> The vision of API that is self discoverable and that works with a generic client is not practical in most cases. [..] Fielding's paper doesn't provide a complete recipe for building self-discoverable APIs. It is an architecture, but the details of how clients should really discover the endpoints and determine what these endpoints are doing is left out of the paper. To make truly discoverable API you need to specify protocol for endpoints discovery, operations descriptions, help messages etc. Then you need clients that understand your specification, so it is not really a generic client

You said what I've thought about REST better than I could have put it.

A true implementation of a REST client is simply not possible. Any client needs to know what all those URLs are going to do. If you suddenly add a new action (like /cansofspam/123/frobnicate), a client won't know what to do with it. The client will need to be updated to add frobnication functionality, or else it just ignores it. At best, it could present a "Frobnicate" button.

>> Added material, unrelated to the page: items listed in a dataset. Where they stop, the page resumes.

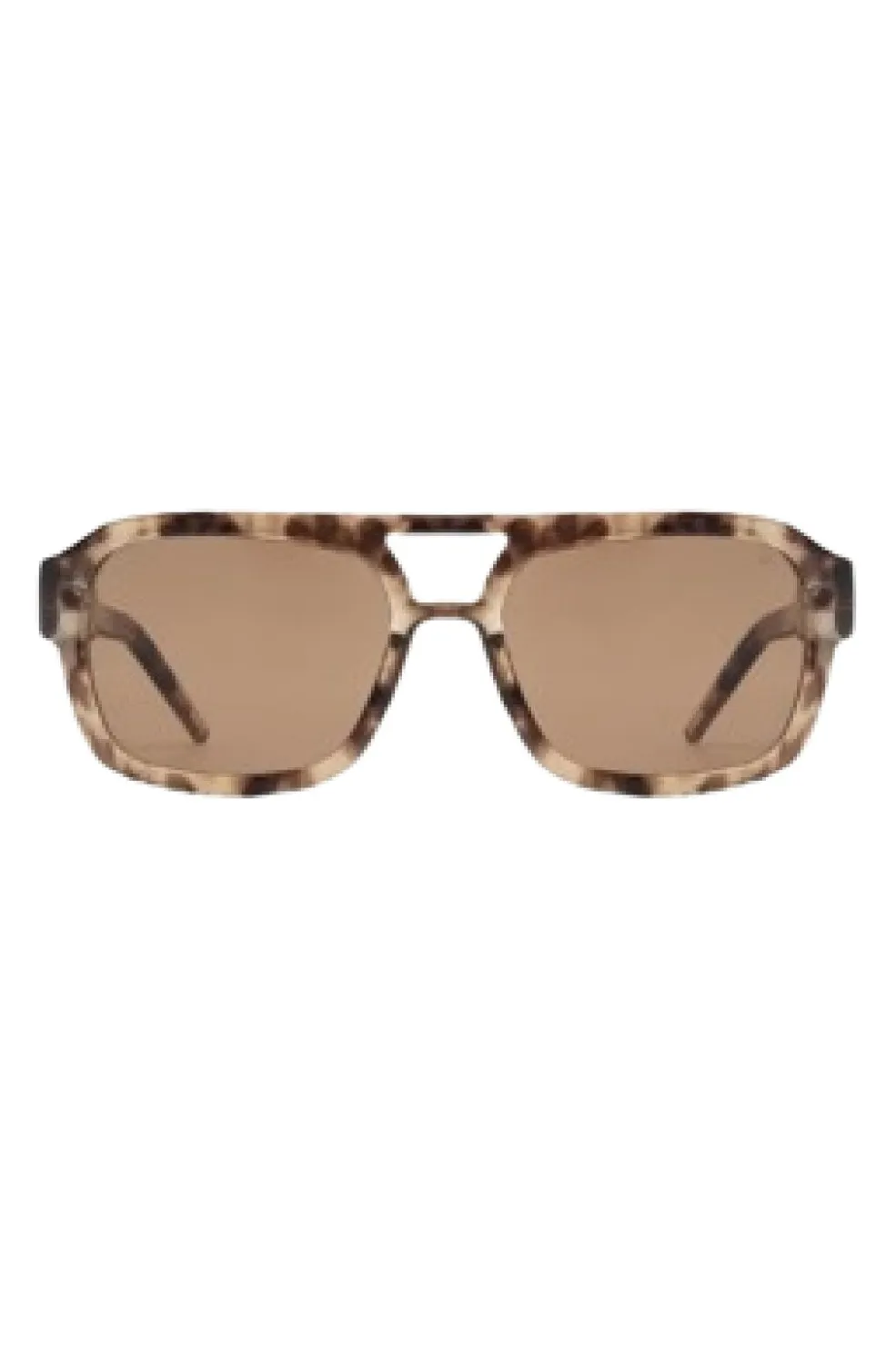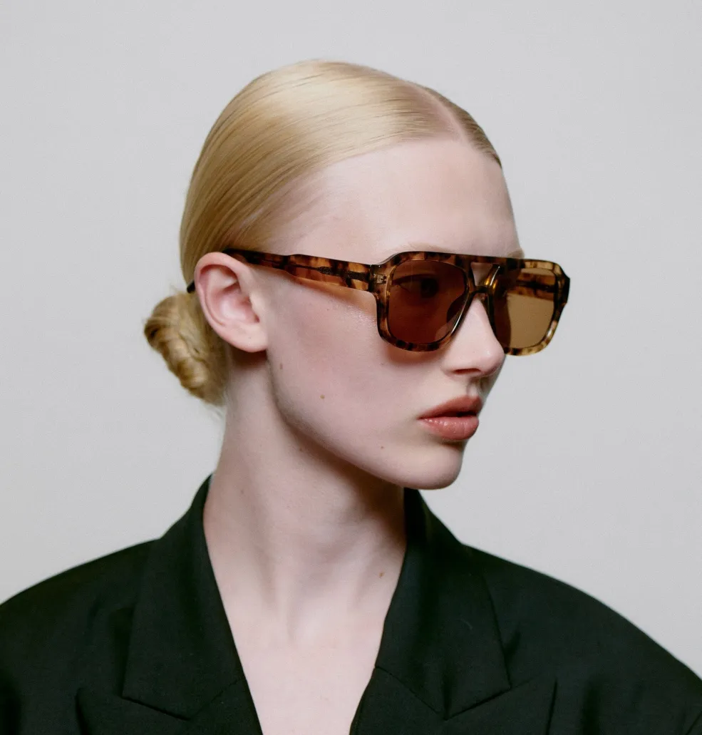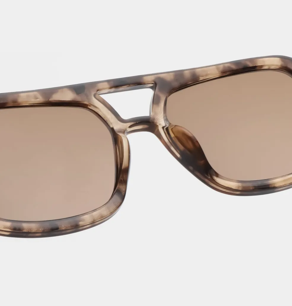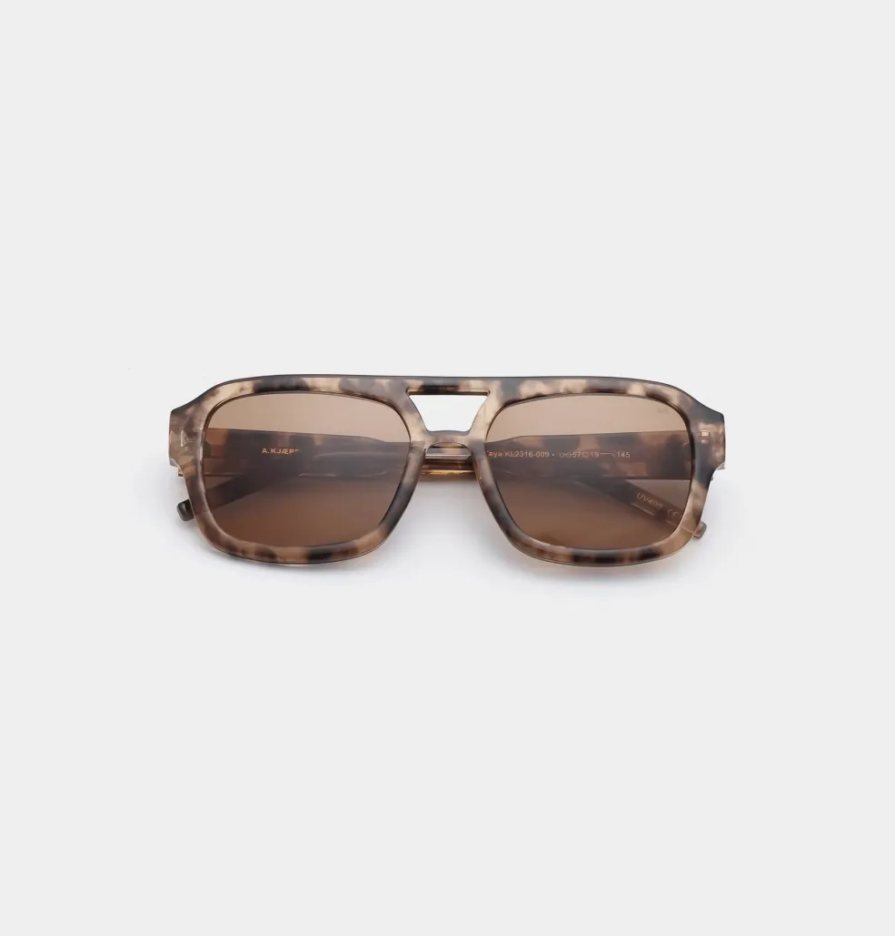 Solbriller fra A. Kjærbede med brun aviator-stel i polycarbonat. Brillen har brune linser med UV 400-beskyttelse og er udstyret med formbare stænger med metalkerne.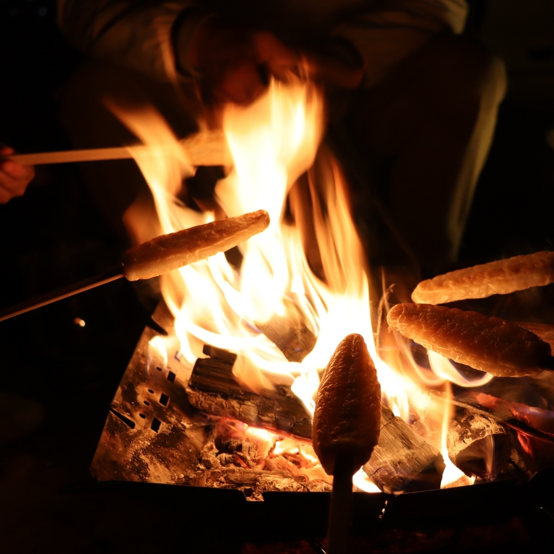 各サイトは約42㎡と余裕があり、木柵で区切られ、隣接サイトとのプライバシーを確保しています。車両の横にオーニングを広げても十分な芝地スペースを整備し、焚き火やBBQも可能です。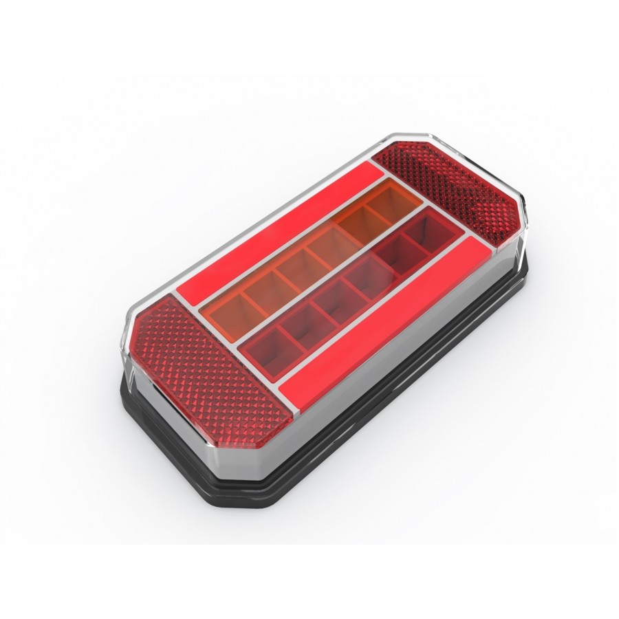 L1875 has features such as: tail, stop, indicator, reflector. The lamp has 24 LEDs. L1875 characterized by a power of 1,5 W, 3 W, 3 W. L1875 is a certified product. According to standards such as ECE R3, ECE R6, ECE R7, ECE R10. Moreover, it is made of materials: Lens: PC, Housing: ABS. Fastening is screw. The voltage is 12/24 V. The product is packaged in the following configuration cart. dim: 170x90x60 mm, lamp weight: 210 g, 40 pcs/bulk box.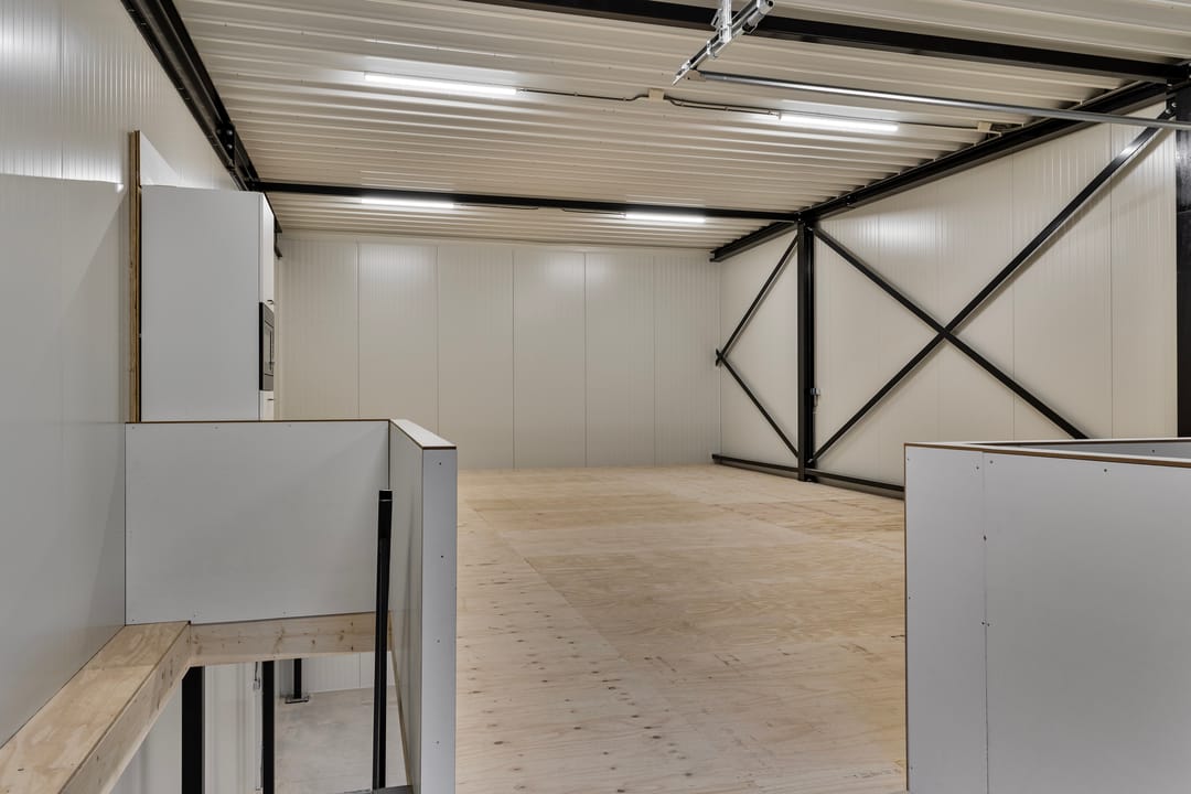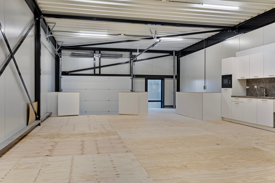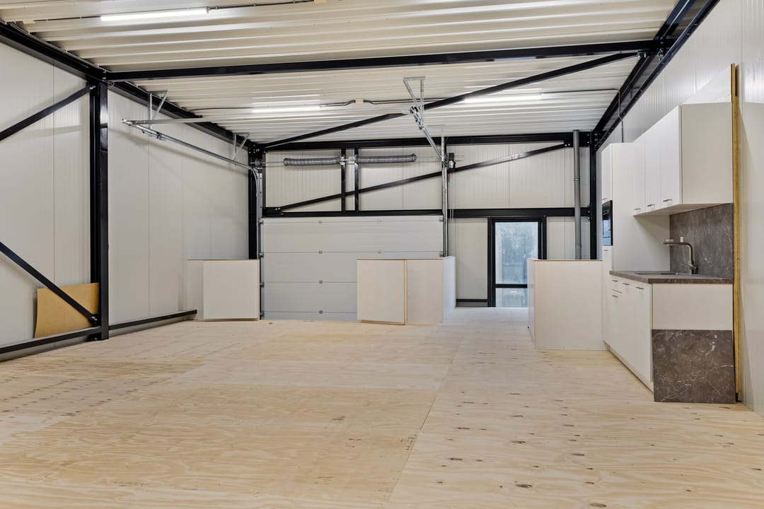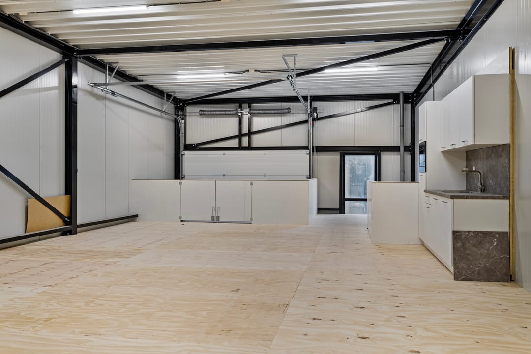 - Lichtstraten, overheaddeuren, betonvloer, toilet en pantry

This really is why nobody has implemented a REST server or client that actually conforms to Fielding's paper. It's just not realistic to have a client that can truly self-discover an API without being written to know what APIs to expect.

> A true implementation of a REST client is simply not possible

Sure it is, it's just not very interesting to a programmer. It's the browser. That's why there was no need talk about client implementations. And why it's hypermedia driven. It's implicit in the description that it's meant to be discoverable by humans.

AirBnb rediscovered REST when they implemented their Server Driven UI Platform. Once you strip away all the minutiae about resources and URIs the fundamental idea of HATEOS is ship the whole UI from the server and have the client be generic (the browser). Now you can't have the problem where the frontend gets desynced with the backend.

> It's the browser.

This cannot be overstated.

I'm watching with some interest to see if the LLM/MCP crowd gradually reinvents REST principles. LLMs are the only software we have invented yet which is smart enough to use a REST interface.